A reversible engine take in heat from a reservoir of heat at 285°C, 35minute and give out heat to sink at 105°C, 18 minute.How many calories per second must it take from the reservoir in order to produce useful work at the rate of 308j/s
First, let's convert the temperature values from Celsius to Kelvin:
Reservoir temperature (T1) = 285°C + 273.15 = 558.15 K
Sink temperature (T2) = 105°C + 273.15 = 378.15 K
Next, we can calculate the heat transfer rates:
Rate of heat transfer from reservoir (Qin) = (285°C / 35 minutes) * (60 seconds/minute) = 164.57°C/minute
Rate of heat transfer to sink (Qout) = (105°C / 18 minutes) * (60 seconds/minute) = 350°C/minute
To find the heat transfer rate required to produce useful work, we can use the formula for efficiency:
Efficiency (η) = Useful work output / Heat input
308 J/s / Qin = η
Since it is a reversible engine, the efficiency can be expressed in terms of temperature:
η = 1 - (T2 / T1)
Substituting the efficiency equation, we can solve for Qin:
308 J/s = Qin * (1 - (T2 / T1))
308 J/s = Qin * (1 - (378.15 K / 558.15 K))

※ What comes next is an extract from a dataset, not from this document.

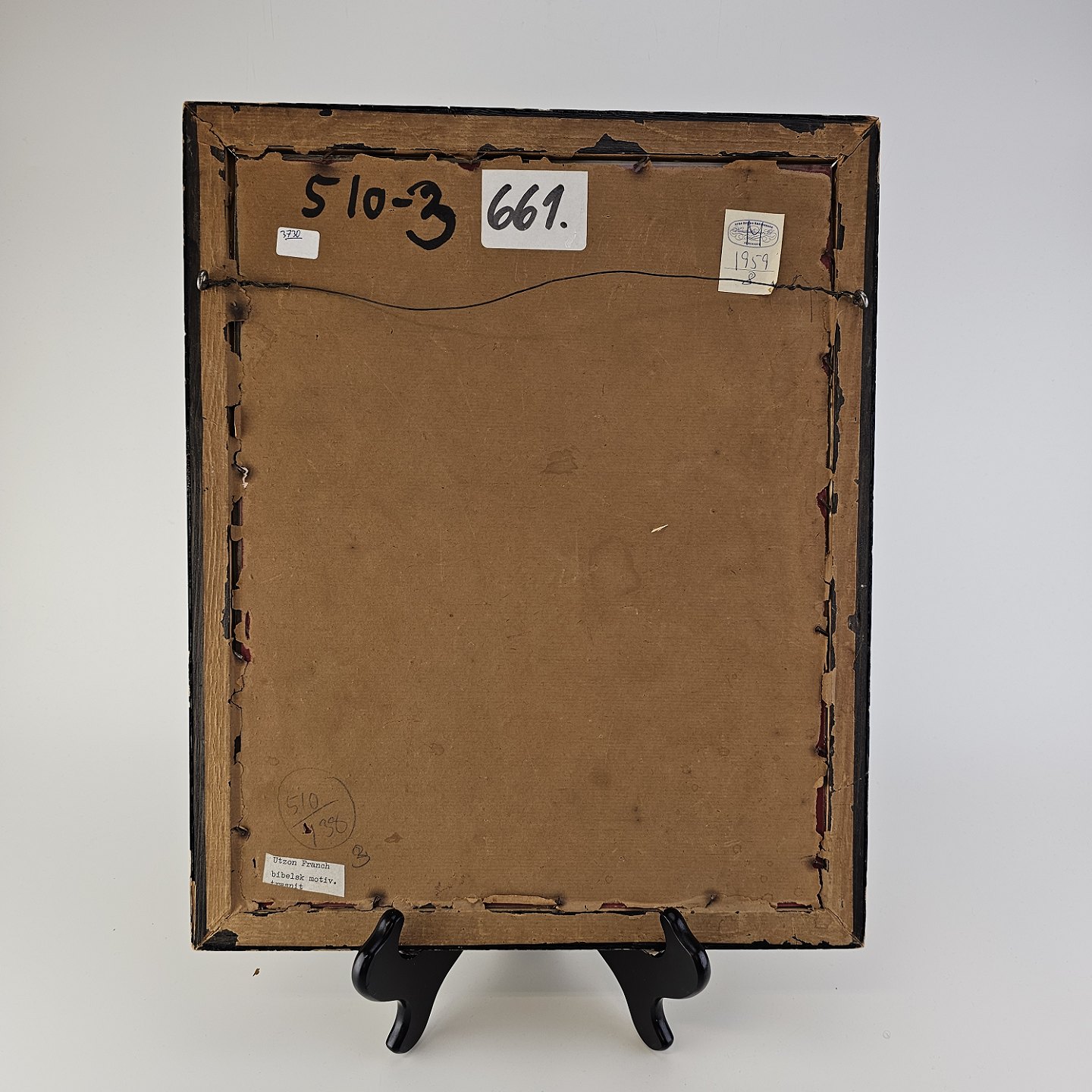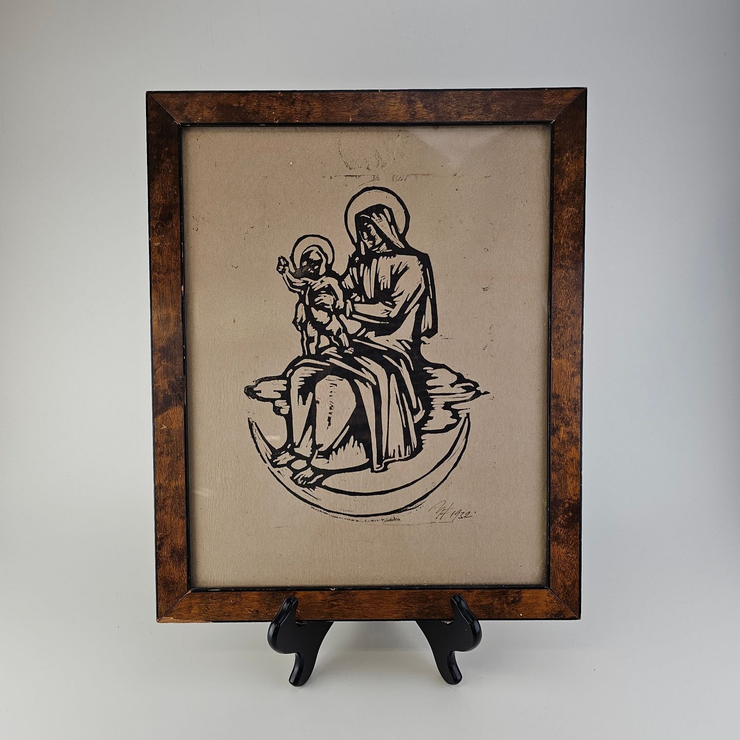Trykt træsnit med bibelsk motiv, monteret i træramme og dateret 1932Kunstner Einar Utzon-Frank (1888-1955), signeret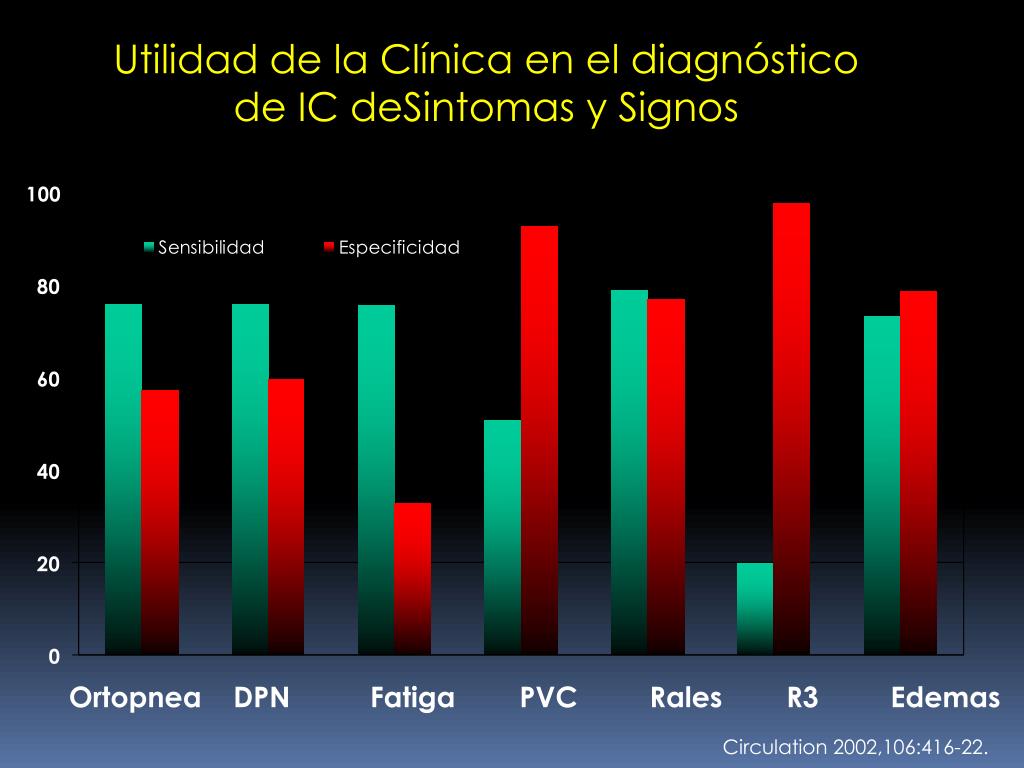Ortopnea DPN Fatiga PVC Rales R3 Edemas Utilidad de la Clínica en el diagnóstico de IC deSintomas y Signos Circulation 2002,106:416-22.

Qin = 308 J/s / (1 - (378.15 K / 558.15 K))
Calculating Qin:
Qin = 308 J/s / (1 - 0.6776)
Qin ≈ 941.58 J/s
To convert the heat transfer rate from joules per second to calories per second, we use the conversion factor:
1 calorie = 4.184 J
So, the heat transfer rate required in calories/second is:
Qin_calories = 941.58 J/s / 4.184 J/calorie
Qin_calories ≈ 225.05 calories/s
Therefore, the reversible engine must take approximately 225.05 calories per second from the reservoir to produce useful work at the rate of 308 J/s.